Linden and Holder drag Jasper’s Dad in for questioning, which gets them nowhere. He bought a Twix bar on the ferry back from the casino. No one with such a sweet tooth could’ve hurt a fly. But wait, there are a few unaccounted for hours between the time the ferry docked and he arrived home. Too bad Holder and Linden can’t ask him more questions about the time discrepancy for nonsense reasons that Duck from Mad Men has just made up. I am aware that if you really felt like it, you, the viewer, could find ways to prop up and justify these reasons, but it doesn’t really matter since the show is still taking the easy way out by finding reasons to obstruct the investigation instead of using a little elbow grease and coming up with creative, solid twists and turns forward.

So Holder and Linden think Jasper’s Dad was still involved with Rosie’s murder somehow. They crash a party at the Ames house. They grill Jasper’s Mom, also known as Jasper’s Dad’s Wife, who tells them the two have an arrangement and that there’s no way Jasper’s Dad was also Rosie’s Dad. The casino chief is at the party, which points mightily in the government contract conspiracy plot direction, which makes me almost sleepy enough to crawl into bed beside a sad, sopping-sweatered grieving mother whom I don’t know.

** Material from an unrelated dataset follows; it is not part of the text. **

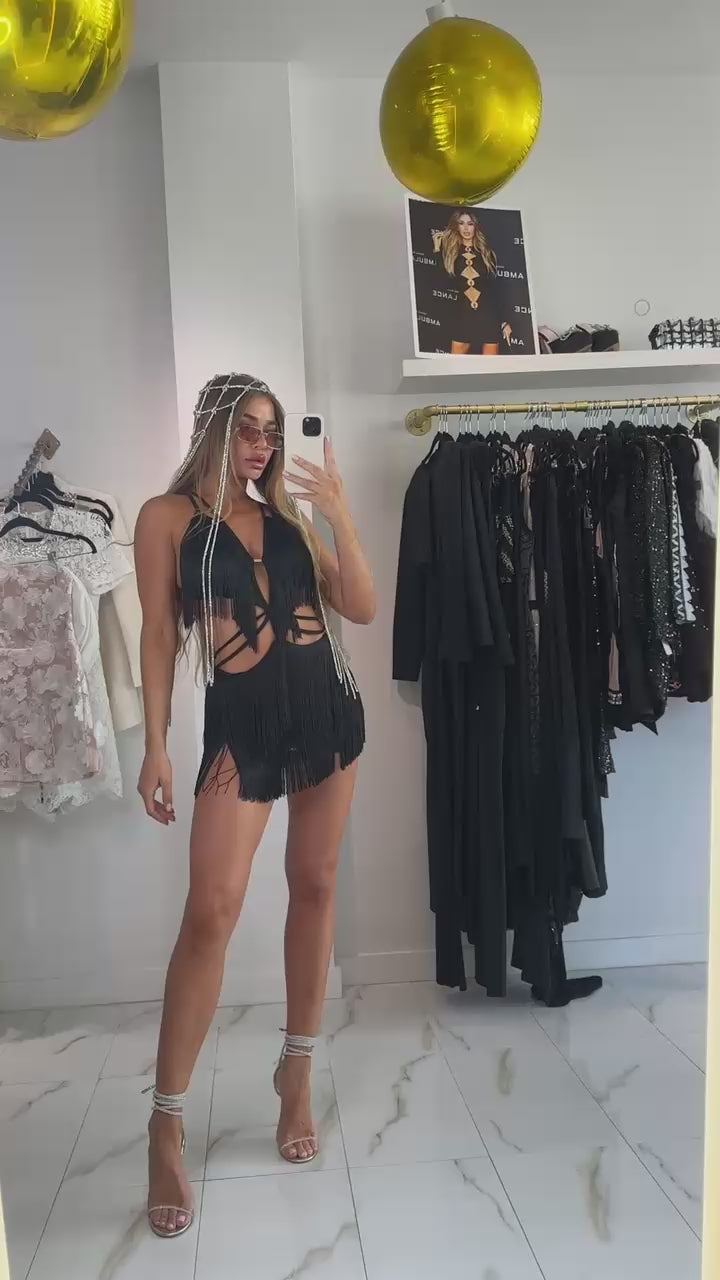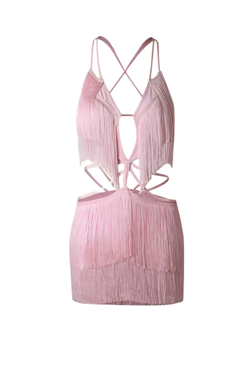 Get ready to turn heads in the Jessica Bara Caliser Fringe Cut Out Mini Dress! With its unique cutouts and playful fringe detailing, this dress is perfect for adding some fun to your wardrobe. Available in multiple sizes, it's versatile and comfortable for any occasion. (Get it before it's gone!)

The new trail that we’re on now is that of finding out about Rosie Larson’s father. For some reason, Stan never asked who he was and so he’s no help. Alexi had his upper arms filled with getting tattoos symbolizing the avenging of his father, which he totally planned on doing until he met a girl who liked to ride bikes with him. Fine, I buy that, but still, he should’ve at least gotten a tattoo of her face on his other arm if she was that important to him. That way it would’ve been like in those cartoons with the angel on one shoulder and the devil on the other. That would’ve been cool. Jasper or any of Rosie’s other friends can’t help because they only met her once, at the mall, in sixth grade. The only whiff of a clue we can hang any hope on is the letter that Mitch wrote to him when she was two months pregnant with Rosie. You know the one that begins, “I’m writing to tell you I’m two months pregnant” and ends with “I know it’s yours.” The one she apparently never sent but still enjoys reading to herself.

The term red herring originated from a training method given to hounds who were learning to hunt. Puppies were trained to follow the fainter scent of a fox or a badger as opposed to the stronger scent of the red herring. The whole point was to show the dogs how to stay on their original course, without wasting time on stinkier ones. Oh, The Killing, if only you could take a moment to read the Wikipedia entry that I just pulled that from and find your way back to your original course, too. I’d start with getting Mitch out of that motel room, even if she needs to borrow Richmond’s wheelchair to do so.